Brilliant is offering a 30  day free trial and 20% off an annual premium subscription when  you sign up at Brilliant.org/SciShow. In early 2024, an aquarium in North  Carolina shared some happy news.

Their round stingray named Charlotte was pregnant! But there was one thing missing  from this family portrait. There were no male stingrays in the tank, which are typically required  for stingray reproduction.

Sadly, Charlotte is not on track  to start a new underwater religion. Instead, science has another  explanation: parthenogenesis. Parthenogenesis is a form of  reproduction where a female is able to make her own fertilized embryo all  on her own, no genetic father needed.
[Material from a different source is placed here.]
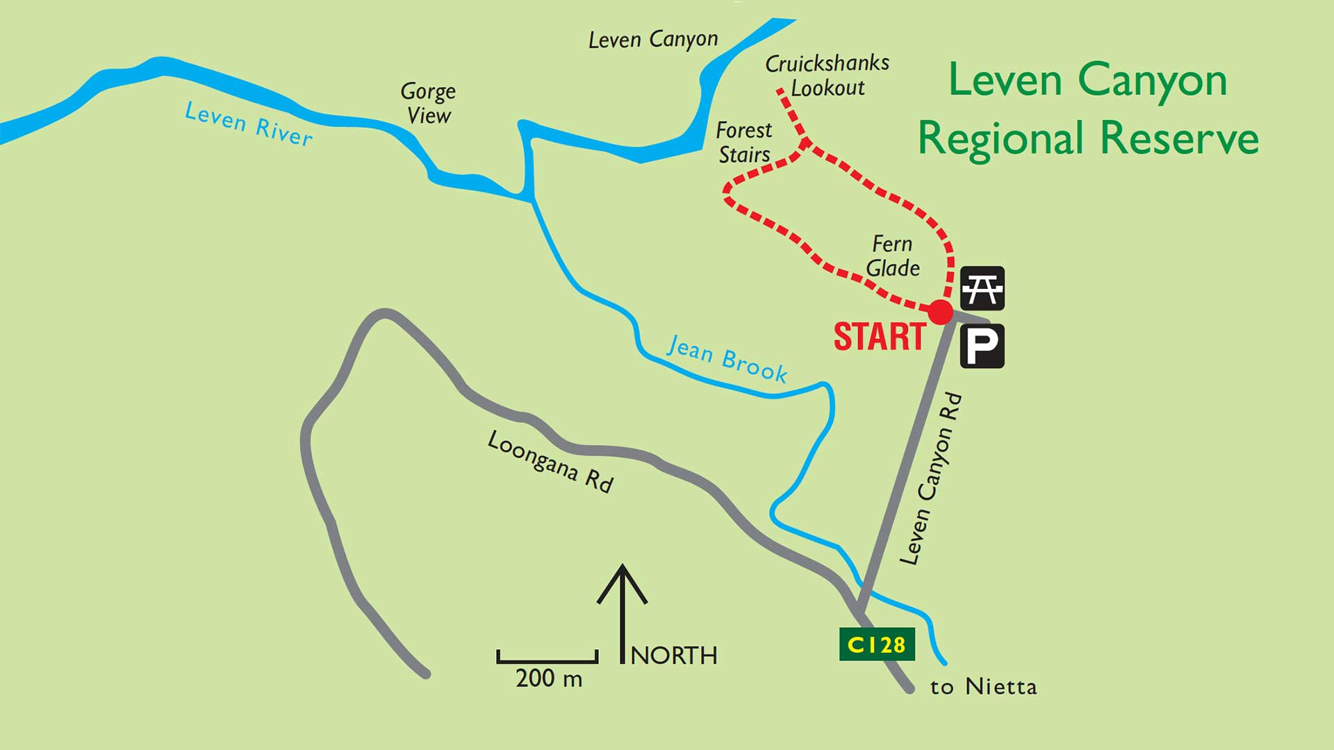The circuit starts at Fern Glade and makes its way to the Cruickshank Lookout some 275m above the Leven River.

So we thought this was the perfect time  to talk about the single moms of nature, and a surprising form of reproduction that keeps popping up where we don’t expect it. [♪ INTRO] First, let’s talk about sex. Or more accurately, the lack of it. Animals that reproduce sexually  make new reproductive cells through a process called meiosis, which  is a way of getting organisms that have two sets of chromosomes to end up with  one set in each reproductive cell.

A sperm brings one set, an  egg brings another, and boom! You have two sets of chromosomes  and you’re off to the races. In technical terms, a haploid  egg and a haploid sperm come together to make a diploid embryo.
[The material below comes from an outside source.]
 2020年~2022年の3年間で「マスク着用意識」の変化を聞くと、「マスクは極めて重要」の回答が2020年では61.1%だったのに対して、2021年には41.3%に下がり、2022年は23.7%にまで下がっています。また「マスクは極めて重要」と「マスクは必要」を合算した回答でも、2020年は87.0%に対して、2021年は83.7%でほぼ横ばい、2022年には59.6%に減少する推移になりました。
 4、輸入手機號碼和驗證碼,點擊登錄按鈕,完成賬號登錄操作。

But making those haploid cells  is a complicated process. Cells don’t just split in two and give one  set of chromosomes to each daughter cell. Oh no, they had to get funky with it.
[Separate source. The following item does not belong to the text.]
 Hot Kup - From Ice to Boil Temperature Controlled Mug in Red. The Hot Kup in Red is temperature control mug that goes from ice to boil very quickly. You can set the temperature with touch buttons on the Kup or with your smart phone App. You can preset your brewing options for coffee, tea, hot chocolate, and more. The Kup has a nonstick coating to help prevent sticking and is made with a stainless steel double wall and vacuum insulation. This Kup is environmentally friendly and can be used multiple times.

First, the parent cell duplicates its chromosomes so it has four sets of chromosomes. Then it splits, and then it splits again, so you end up with four  haploid reproductive cells. For males, that just creates four  sperm cells per round of meiosis.

But for females, it’s even more complicated. One of the four haploid cells becomes the egg, and the other three smaller,  sad little sisters die off. Well, usually, anyway.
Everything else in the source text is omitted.